Hardy produced some of literature’s finest elegiac poems upon his wife’s death. His relationship with Emma, though, while she was living had been fraught with tension. This poem, even with this biographical detail, conveys a sense of a dead relationship. Note the images he repeats and the antitheses he sets up between words of opposite meaning.
Neutral Tones
We stood by a pond that winter day,
And the sun was white, as though chidden of God,
And a few leaves lay on the starving sod;
- They had fallen from an ash, and were gray.

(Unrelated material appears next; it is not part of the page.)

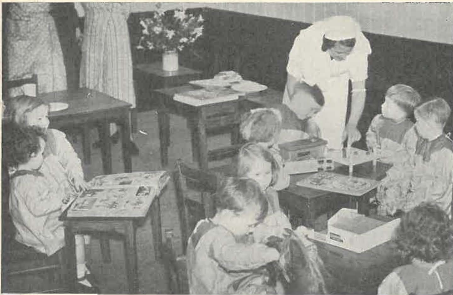
NURSERY SHELTER CHILDREN: In the accompanying article the happy daily life of the children at Barton Place is described. Almost $1,000 remains to be raised for the year's support. THE LIVING CHURCH FAMILY are asked to send their contributions as soon as possible to assure the campaign's success.

W.V.S. members in the district must feel very glad that they are in contact with the nurseries. If I were resident in the locality I am sure I should want to take part in the "odd jobs" for with the nursery work you do feel that however small the task you are asked to do, you are helping in day-to-day constructive work of building up self-reliant healthy citizens for tomorrow's world.

Your eyes on me were as eyes that rove
Over tedious riddles of years ago;
And some words played between us to and fro
On which lost the more by our love.
The smile on your mouth was the deadest thing
Alive enough to have strength to die;
And a grin of bitterness swept thereby
Like an ominous bird a-wing. . . .
Since then, keen lessons that love deceives,
And wrings with wrong, have shaped to me
Your face, and the God-curst sun, and a tree,
And a pond edged with grayish leaves.
Hardy’s poetry often excludes the reader with private details such as ‘the original air-blue gown’ in The Voice and the ‘tedious riddles of years ago’ in this poem. This privacy makes the poem feel intimate; it has a similar effect to reading Jane Austen – as though you are overhearing a secret conversation.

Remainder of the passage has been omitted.